Sainte-Chapelle, meaning ‘holy chapel’, was once the chapel of King Louis IX. Sainte-Chapelle was constructed to house the king’s newly acquired Passion relics—the Crown of Thorns and a piece of the True Cross. The architecture of Saint-Chapelle is one of the best examples of the Rayonnant period Gothic style, which is characterized by strong vertical emphasis. The chapel’s architect was never documented and thus the building has been attributed to several designers over the years, but the true architect remains unknown.

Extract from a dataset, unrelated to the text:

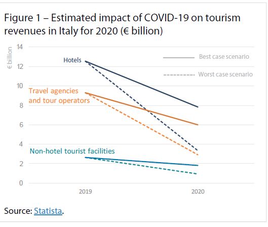 پیش بینی می‌شود صنعت گردشگری  که در اتحادیه اروپا در حدود 13 میلیون نفر را مشغول به کار نموده است، در حدود یک میلیارد یورو از درآمدهای ماهیانه خود را به دلیل شیوع ویروس کرونا از دست بدهد.  در بسیاری از کشورها مراکز تفریح عمومی از جمله هتل ها، رستورانها، تِم پارکها [2]و موزه‌ها تعطیل شدند. نمایشگاههای تجاری، رویدادهای فرهنگی نیز تعطیل و یا به زمان دیگر موکول گردید.  رویدادهای ورزشی از جمله  لیگ قهرمانان اروپا (2020) و بازی‌های المپیک به سال 2021 موکول گردید.  مراکز تفریحی اسکی (ریزوت ها) [3]سریع تر و قبل از پایان فصل زمستان بسته شدند. بسیاری از شرکت های کشتیرانی فعالیت هایشان را به تعویق انداختند و کشتی‌ها در دریاها سرگردان شدند چرا که بنادر از پذیرفتن آنها امتناع می‌کردند.  بسیار از کشورها شاخص های ورودی‌های مرزی خود را بازتعریف نمودند و از ورود برخی گردشگران به کشورهایشان ممانعت به عمل آمد که این مسئله بسیاری از گردشگران را برای بازگشت به کشورهایشان با مشکلات بسیاری روبه رو نمود.  مشکلات ایجاد شده توسط بحران کرونا در برخی از کشورهای اروپایی  که جز مقاصد اصلی گردشگری محسوب می‌شود از جمله ایتالیا، فرانسه و اسپانیا بیشتر دیده می‌شد  طبق بررسی و تخمین‌های فدراسیون گردشگری ایتالیا، این کشور حدود 60 درصد گردشگرانش را برای سال جاری از دست داده است. ( شکل یک).

At the time of construction in 1248, Sainte-Chapelle was located in the courtyard of the royal palace. This positioning mimicked that of Charlemagne’s palatine chapel at Aachen. In gaining the relics and constructing the grand chapel in that manner, King Louis IX hoped to make France the next leader of Western Christianity. He undoubtedly made his mark, as King Louis IX was the only king of France to be canonised after his death.

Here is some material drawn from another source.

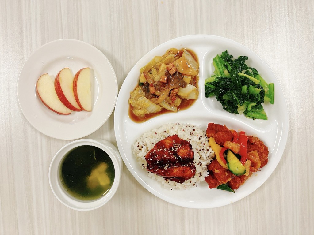 主菜糖醋肉丁蒲燒魚片副菜炸醬年糕翠綠油菜

Years later, the violence of the French Revolution left Sainte-Chapelle with extensive damage. Sainte-Chapelle was restored in the 19th century, creating what visitors see today. Around two thirds of the lovely stained glass windows are yet authentic, although much of the chapel had to be recreated. In 1862, Sainte-Chapelle became considered a national historic monument of France because of its historical significant and overwhelming splendour.
The exterior of Sainte-Chapelle is simple and beautiful, but does not compare to the lavish decoration of the inside. Guests enter through the lower level, which was once kept for the palace staff. The lower chapel contains statues and décor dedicated to the Virgin Mary. The true treasure is seen upon entering the upper chapel. The stained glass windows are among the best of their kind, standing tall and floating high above as they stretch to the top of the building. They are brightly coloured and display pictures that tell biblical stories. The wall space between windows is even lavishly decorated with paintings of saints and rich hanging textiles. The interior of Sainte-Chapelle is magnificent and well worth a look.
To get to Sainte-Chapelle, take Metro Line 4 to Cite station or take one of the following bus lines: 21, 27, 38, 85, 96. Sainte-Chapelle is open each day from 9:30am to 6pm from March to October. From November to February it is open each day from 9am-5pm. The chapel is closed midday from 1-2pm year-round. Admission to Sainte-Chapelle is €8 for adults. Minors under the age of 18 and citizens of the EU under age 26 enter for free.
Sainte Chapelle is well worth a visit, especially for the grand interior view. The stained glass windows are beyond description, reflecting coloured light in every direction. A visit to Sainte-Chapelle on a sunny day is recommended for guests renting a self-catering apartment in Paris.